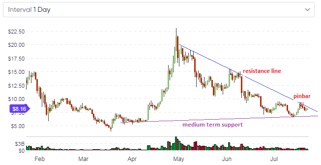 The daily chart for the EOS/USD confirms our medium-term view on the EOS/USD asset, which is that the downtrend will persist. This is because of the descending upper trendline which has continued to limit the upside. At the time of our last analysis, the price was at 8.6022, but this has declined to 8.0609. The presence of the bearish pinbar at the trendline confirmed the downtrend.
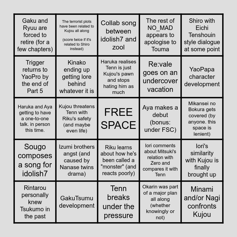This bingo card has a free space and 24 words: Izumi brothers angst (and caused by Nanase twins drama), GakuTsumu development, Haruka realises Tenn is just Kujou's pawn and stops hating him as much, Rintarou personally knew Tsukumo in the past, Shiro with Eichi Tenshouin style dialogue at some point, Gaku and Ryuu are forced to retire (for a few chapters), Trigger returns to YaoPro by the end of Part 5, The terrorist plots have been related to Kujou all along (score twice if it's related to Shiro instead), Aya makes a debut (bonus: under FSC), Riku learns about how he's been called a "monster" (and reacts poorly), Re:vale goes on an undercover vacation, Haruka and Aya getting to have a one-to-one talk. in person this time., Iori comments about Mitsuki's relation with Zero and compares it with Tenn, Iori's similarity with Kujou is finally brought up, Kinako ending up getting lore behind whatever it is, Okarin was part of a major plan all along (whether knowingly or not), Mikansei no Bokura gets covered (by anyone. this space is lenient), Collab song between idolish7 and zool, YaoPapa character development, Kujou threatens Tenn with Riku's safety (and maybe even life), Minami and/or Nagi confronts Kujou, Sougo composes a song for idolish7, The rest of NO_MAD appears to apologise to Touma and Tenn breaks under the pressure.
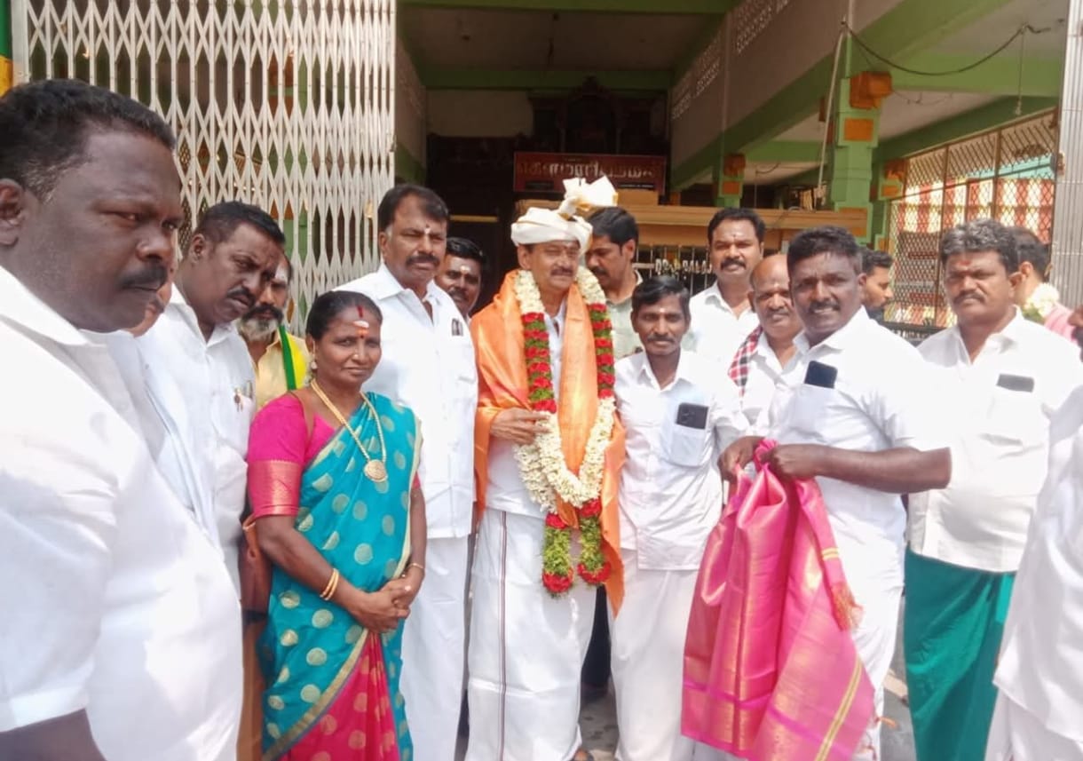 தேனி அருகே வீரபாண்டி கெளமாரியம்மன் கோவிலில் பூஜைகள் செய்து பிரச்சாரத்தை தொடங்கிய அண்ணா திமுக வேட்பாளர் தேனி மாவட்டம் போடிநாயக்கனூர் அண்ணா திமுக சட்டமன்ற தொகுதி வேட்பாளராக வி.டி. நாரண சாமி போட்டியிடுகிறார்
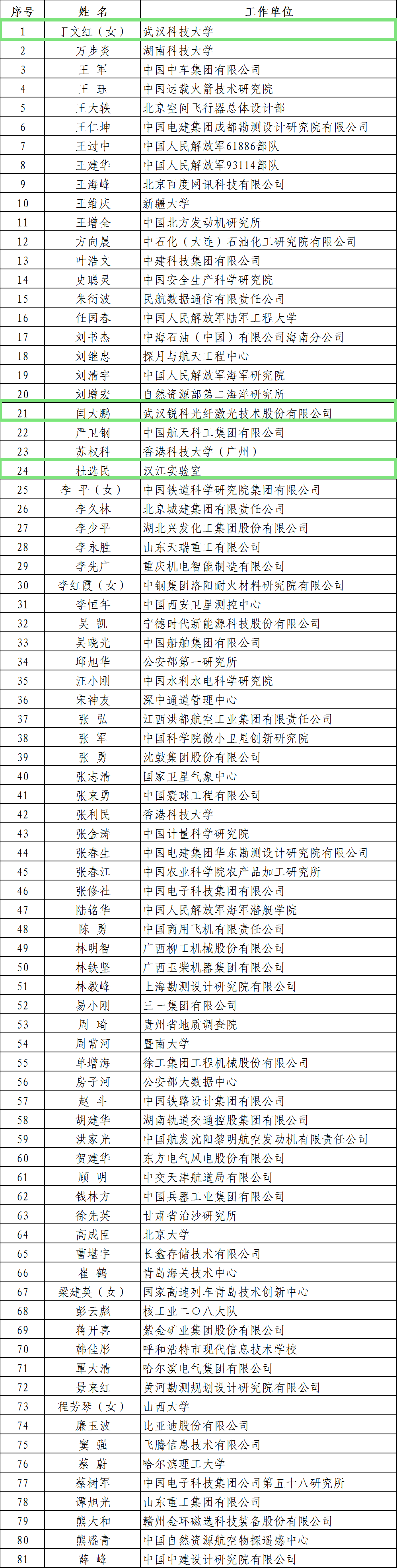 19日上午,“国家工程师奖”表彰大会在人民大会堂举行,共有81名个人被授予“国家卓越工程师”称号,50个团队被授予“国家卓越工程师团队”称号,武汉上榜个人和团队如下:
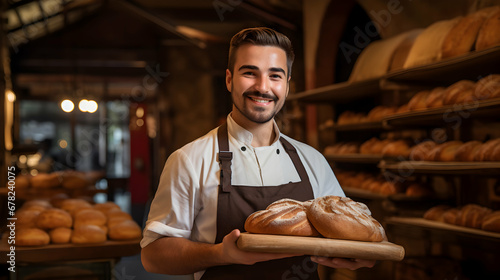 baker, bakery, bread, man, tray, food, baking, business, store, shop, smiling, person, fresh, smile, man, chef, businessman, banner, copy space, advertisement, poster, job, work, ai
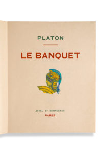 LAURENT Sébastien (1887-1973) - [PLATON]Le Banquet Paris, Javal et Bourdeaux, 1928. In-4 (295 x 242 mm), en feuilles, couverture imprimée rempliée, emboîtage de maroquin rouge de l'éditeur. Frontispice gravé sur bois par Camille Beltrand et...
- - -
What you give back must match the material above exactly, minus its pictures.

 The daily chart for the EOS/USD confirms our medium-term view on the EOS/USD asset, which is that the downtrend will persist. This is because of the descending upper trendline which has continued to limit the upside. At the time of our last analysis, the price was at 8.6022, but this has declined to 8.0609. The presence of the bearish pinbar at the trendline confirmed the downtrend.
This bingo card has a free space and 24 words: Izumi brothers angst (and caused by Nanase twins drama), GakuTsumu development, Haruka realises Tenn is just Kujou's pawn and stops hating him as much, Rintarou personally knew Tsukumo in the past, Shiro with Eichi Tenshouin style dialogue at some point, Gaku and Ryuu are forced to retire (for a few chapters), Trigger returns to YaoPro by the end of Part 5, The terrorist plots have been related to Kujou all along (score twice if it's related to Shiro instead), Aya makes a debut (bonus: under FSC), Riku learns about how he's been called a "monster" (and reacts poorly), Re:vale goes on an undercover vacation, Haruka and Aya getting to have a one-to-one talk. in person this time., Iori comments about Mitsuki's relation with Zero and compares it with Tenn, Iori's similarity with Kujou is finally brought up, Kinako ending up getting lore behind whatever it is, Okarin was part of a major plan all along (whether knowingly or not), Mikansei no Bokura gets covered (by anyone. this space is lenient), Collab song between idolish7 and zool, YaoPapa character development, Kujou threatens Tenn with Riku's safety (and maybe even life), Minami and/or Nagi confronts Kujou, Sougo composes a song for idolish7, The rest of NO_MAD appears to apologise to Touma and Tenn breaks under the pressure.
 தேனி அருகே வீரபாண்டி கெளமாரியம்மன் கோவிலில் பூஜைகள் செய்து பிரச்சாரத்தை தொடங்கிய அண்ணா திமுக வேட்பாளர் தேனி மாவட்டம் போடிநாயக்கனூர் அண்ணா திமுக சட்டமன்ற தொகுதி வேட்பாளராக வி.டி. நாரண சாமி போட்டியிடுகிறார்
 19日上午,“国家工程师奖”表彰大会在人民大会堂举行,共有81名个人被授予“国家卓越工程师”称号,50个团队被授予“国家卓越工程师团队”称号,武汉上榜个人和团队如下:
 baker, bakery, bread, man, tray, food, baking, business, store, shop, smiling, person, fresh, smile, man, chef, businessman, banner, copy space, advertisement, poster, job, work, ai
 LAURENT Sébastien (1887-1973) - [PLATON]Le Banquet Paris, Javal et Bourdeaux, 1928. In-4 (295 x 242 mm), en feuilles, couverture imprimée rempliée, emboîtage de maroquin rouge de l'éditeur. Frontispice gravé sur bois par Camille Beltrand et...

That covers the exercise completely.